Do you have a favorite theme or message for your readers?
My nursing career and thirty years experience working as a psychic have both taught me the value of taking the time to listen to my inner voice and value my intuition. So my protagonist, Eileen McGrath, represents the more fearless aspect of living like that: pushing her dimunitive self past her polite Southern upbringing and against the powers that be, if what’s being presented to her doesn’t ring true. I also teach a variety of tarot classes and I know there are a lot of readers and collectors out there who share my love of the cards, so it seemed a natural fit to incorporate into Eileen’s intuitive practice, weave into the story line, and use as a theme. Plus, it gave me the opportunity to “create” my own deck for the series: something I had wanted to do for a long time.
What is your favorite method for researching?
I start my research with the murder setting and build out from there; I am fortunate to live in Northern California, where there is no lack of eye candy to hang a story on: both scenic and not so. The setting for the murder in The Eight of Pentacles was a five minute walk from my home, at the time: a wildlife sanctuary and man made salt-water lake on the edge of Oakland, California’s uptown. It’s a lush, placid spot ideally suited for working-out, bird-watching, sailing, and family gatherings, but also a place with a history of drug-dealing, prostitution, and outbreaks of violence, after sundown. The contrast between the two faces of Lake Merritt appealed to the crime writer in me, so I visited the nature center and gathered all the available information the employees there had to offer, checked out several books from the library by local authors on the lake’s history, and finished up on the internet. Like most writers, I’m guilty of getting a little too absorbed in my research and ended up injecting only about twenty percent of what I learned into the story.

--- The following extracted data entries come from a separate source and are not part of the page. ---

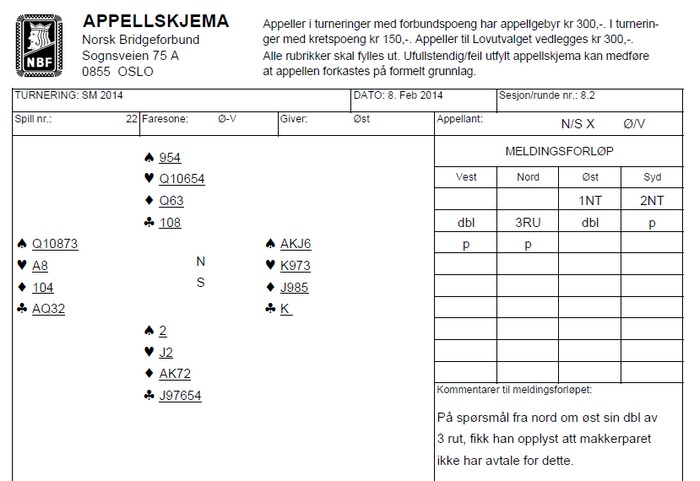 Peter Marstrander mente at om han hadde fått vite at øst hadde fire trumf, kunne han fått et stikk til. Double Dummy analysen til "Deep Finesse" sier at dette ikke stemmer og øst sier at han alltid kunne holdt syd ned på det antall stikk han aktuelt fikk. Syd hevder at for å klare det, måtte øst/vest levert et godt motspill. Det er nok grunnen til appellen.
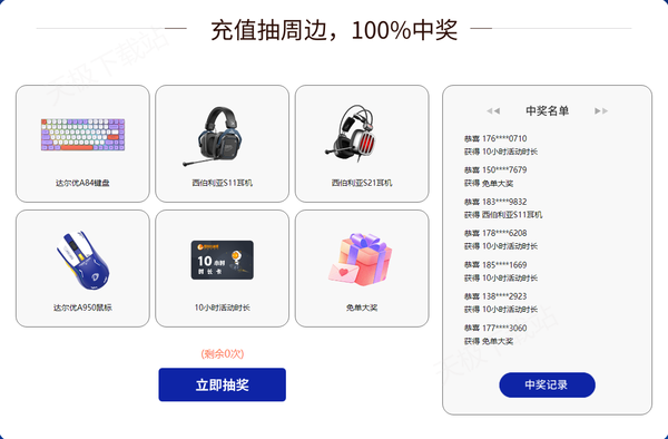 根据查找官方的资料来看,雷神加速器感恩季活动抽奖礼品有达尔优A84键盘、西伯利亚S11耳机,西伯利亚S21耳机、达尔优A950鼠标、10小时活动时长以及免单大奖。
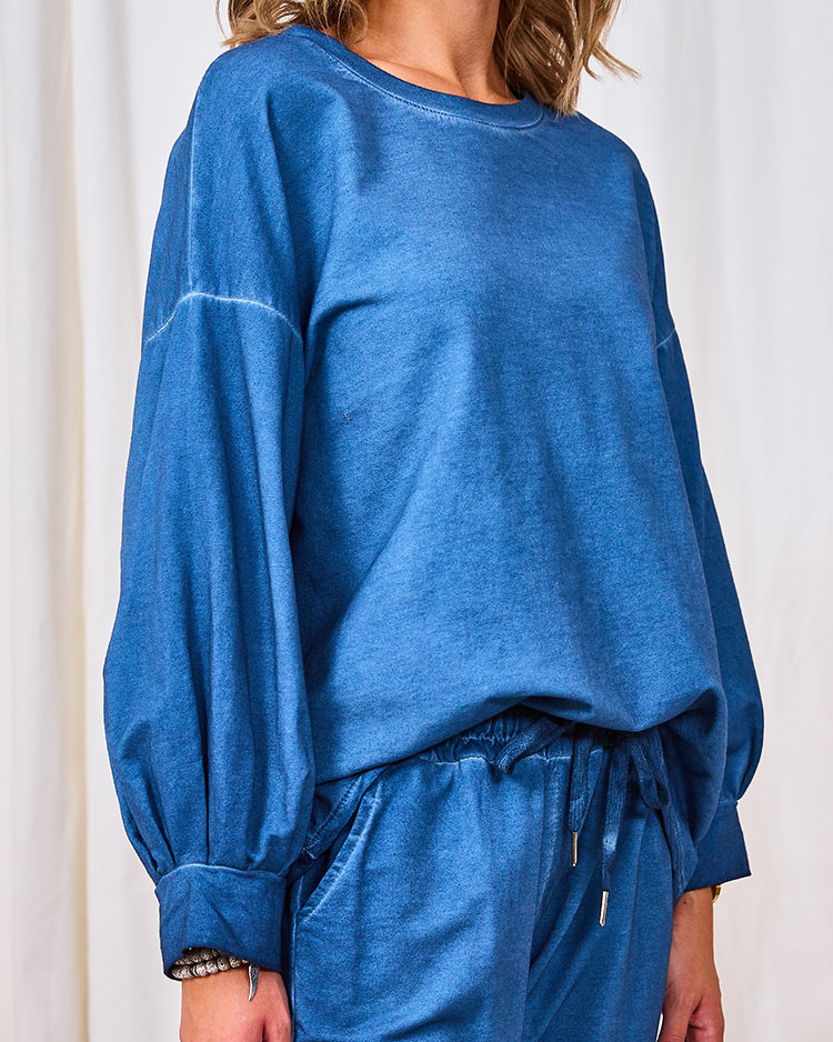 - Повсякденний жіночий комплект світшотів, виготовлений з бавовняної тканини. Світшот одягається через голову, має довгий рукав. Штани з 2 врізними кишенями, на гумці та з поясом на талії. Ідеально підходить для тих, хто цінує комфорт.
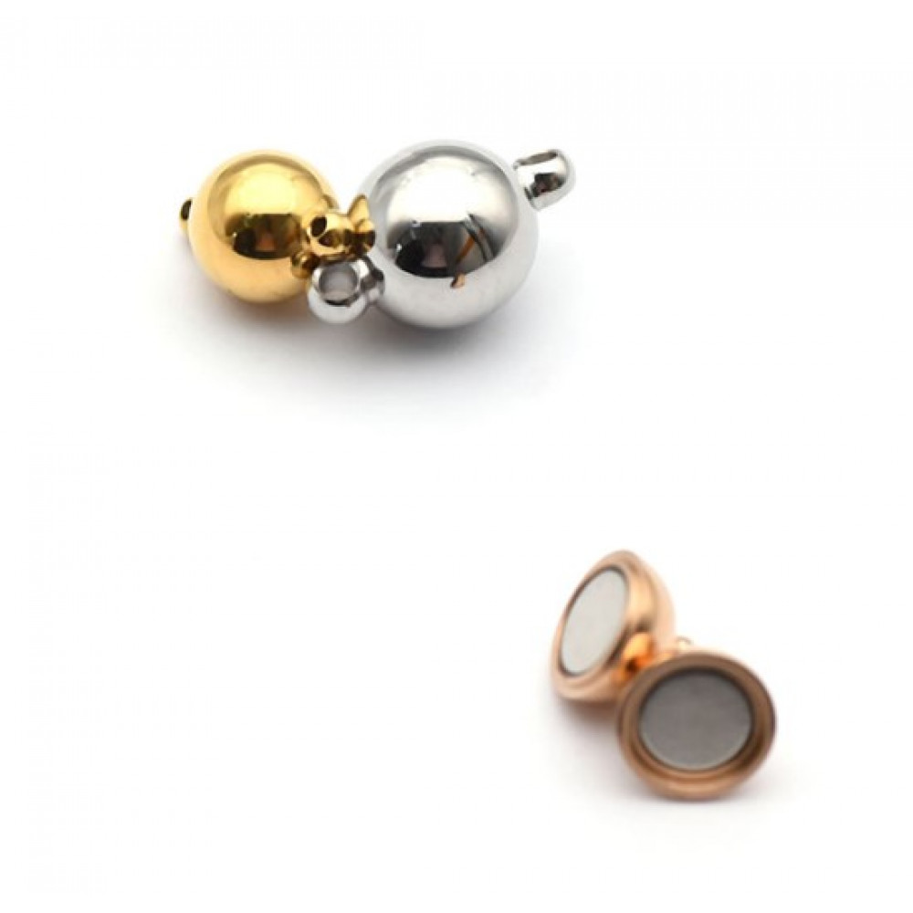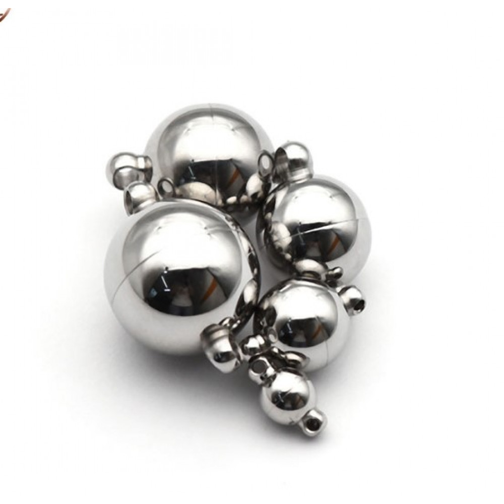 Застежка магнитная - диаметр шарика 6 мм, 8 мм, 10 мм, с "петельками" диаметра 1,2 мм для шнура -1мм
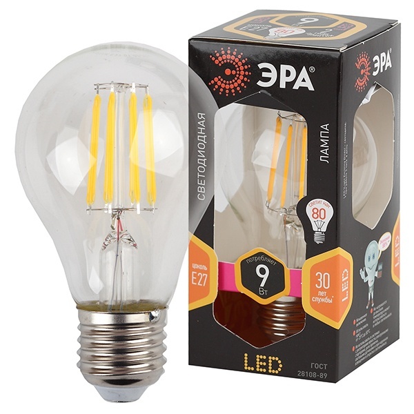 Лампа светодиодная филаментная F-LED A60-9W-827-E27 9Вт грушевидная тепл. E27 Эра Б0043433
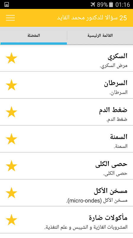 The application provides valuable guidance and useful advice from Dr. Mohamed Al Fayed -Mohamed Faid- specialist in nutrition and food industries. The benefits of the application contains a number of dishes and food tips for patients with a number of common diseases, as well as tips and general guidance.
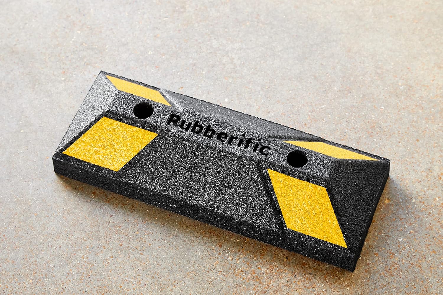 Rubberific Heavy Duty Rubber Parking Stop Durable Easy to Install Reflective Parking Curb Garage Car Stopper for Indoor and Outdoor Use (1 Pack)
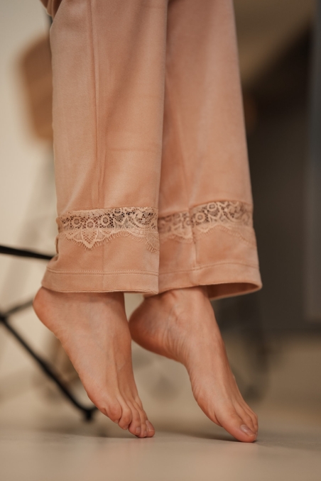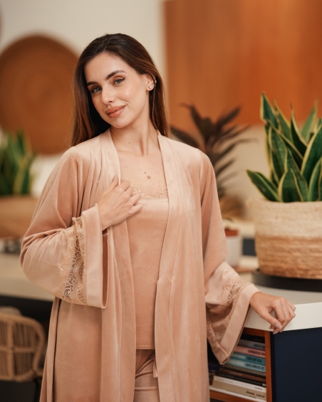 Cet ensemble se compose d’un débardeur délicat orné de dentelle, d’un pantalon long à la coupe fluide avec finitions en dentelle, ainsi que d’un kimono assorti doté de manches larges et d’une ceinture à nouer. Le velours apporte une sensation de douceur incomparable et une allure chic, parfaite pour toutes les saisons.
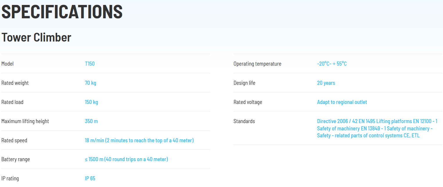 The Tower Climber is a battery-powered auxiliary lifting equipment, which can be used in tower crane, wind tower, high voltage tower, bridge tower detection, oil refinery, cooling tower, granary, storage warehouse and other fields. The product has high safety, smooth operation, compact structure design and simple operation, which can greatly improve the safety and efficiency of climbing personnel, and obtain CE certification.
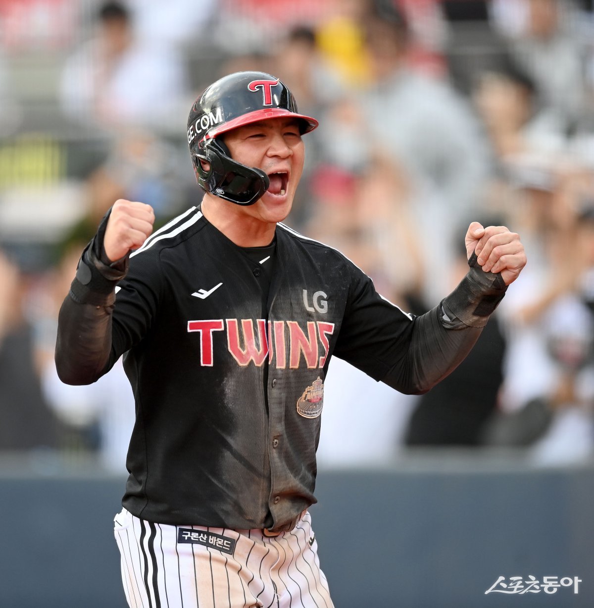 9일 수원KT위즈파크에서 ‘2024 신한은행 SOL뱅크 KBO리그’ LG 트윈스와 KT 위즈의 포스트시즌 준플레이오프 4차전 경기가 열렸다. 8회초 1사 2루 LG 김현수 안타 때 동점 득점에 성공한 오지환이 환호하고 있다. 수원|김종원 기자 won@donga.com
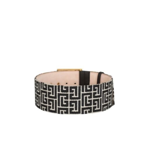At the heart of this accessory lies the striking monogrammed jacquard fabric, meticulously woven to perfection, displaying the iconic Balmain logo with effortless finesse. The interplay of intricate patterns and rich hues exudes a sense of opulence, commanding attention with its captivating allure. The monogram detailing serves as a symbol of prestige and refinement, elevating the belt to a coveted status symbol within the realm of high fashion.
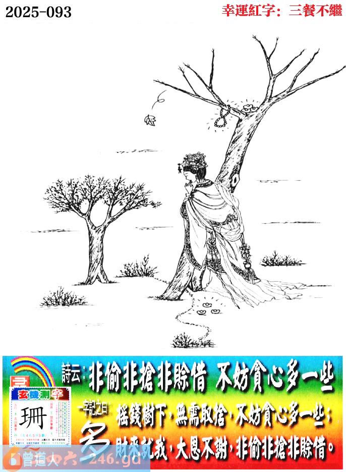 093期老版跑狗一字記之曰:【多】 詩雲:非偷非搶非賒借,不妨貪心多一些。 搖錢樹下,無需取捨,不妨貪心多一些; 財來就我,大恩不謝,非偷非搶非賒借。 玄機測字:《珊》
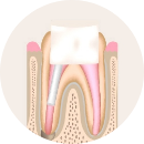 치아 뿌리 안의 빈 공간을 생체 친화적이고 밀폐력이 뛰어난 재료로 충전하여, 세균의 재침입을 막고 내부를 안정화합니다.
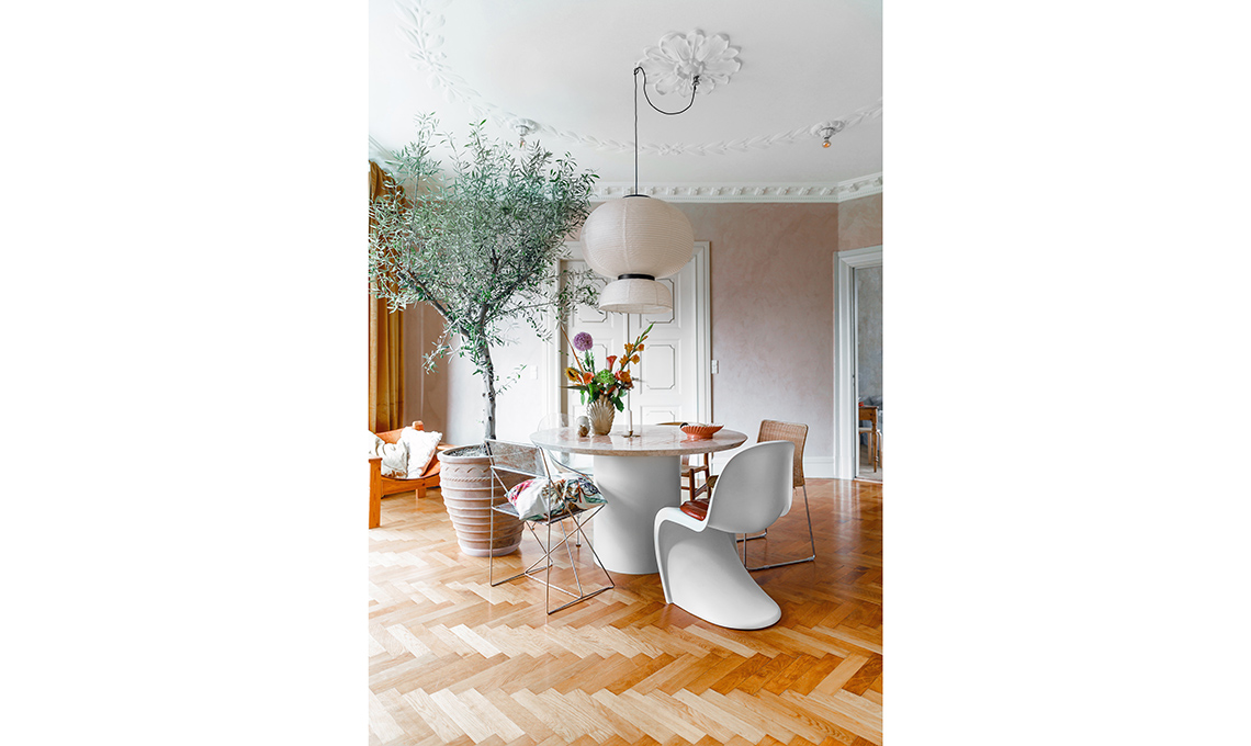 Nella cornice classica del soffitto modanato, il tavolo di marmo con colonna, dal design ultramoderno, crea un’isola con le sedie spaiate. Sfrutta le altezze la pianta di ulivo a centro stanza.

How do you develop your characters?
I developed the base personalities for the characters before I wrote the book. I needed Eileen to be a middle-aged protagonist who was a psychic and a nurse: a single woman, deprived of her ability to make a good income and forced to use her intuitive abilites to help make ends meet. Daniel Burnette, the antagonist/homicide investigator, was based on a favorite Irish actor who has a penchant for brooding intensity and Atticus Spencer, the more layed back p.i. character, was inspired by my ex-boss and my partner; he started out as a hybrid and gradually morphed into his own man as the book progressed. Like so many of us who live in urban areas and away from the families we grew up with, Eileen is very much on her own and I wanted her to find an extended family in her neighbors, Tessa and Jessamae: both amalgams of co-workers I have known and loved. I spent several weeks listening to rap music and watching locally produced “crunk” videos and interviewed a Bay Area rap artist to get a better sense of how to create the prime suspect, FoZ. And, Audie, Eileen’s cat, was inspired my by an ex-roomate’s Blue Russian, Sundance, who preferred “murping” to meowing, as his favored form of communication.

What is the best advice anyone ever gave you about writing?
Two pieces of advice come to mind. The first came from a Bay Area sports writer, who was incredibly kind and encouraging when he found out I was working on my first novel. I’m paraphrasing here, but he said something along the lines of “Do your first draft, your second, your third, complete all your edits…and then go back and take out everything that isn’t absolutely essential to the story.” Killing your darlings can be a painful process, but I think the bare bones approach makes, in the end, for honest writing and a more fluid read.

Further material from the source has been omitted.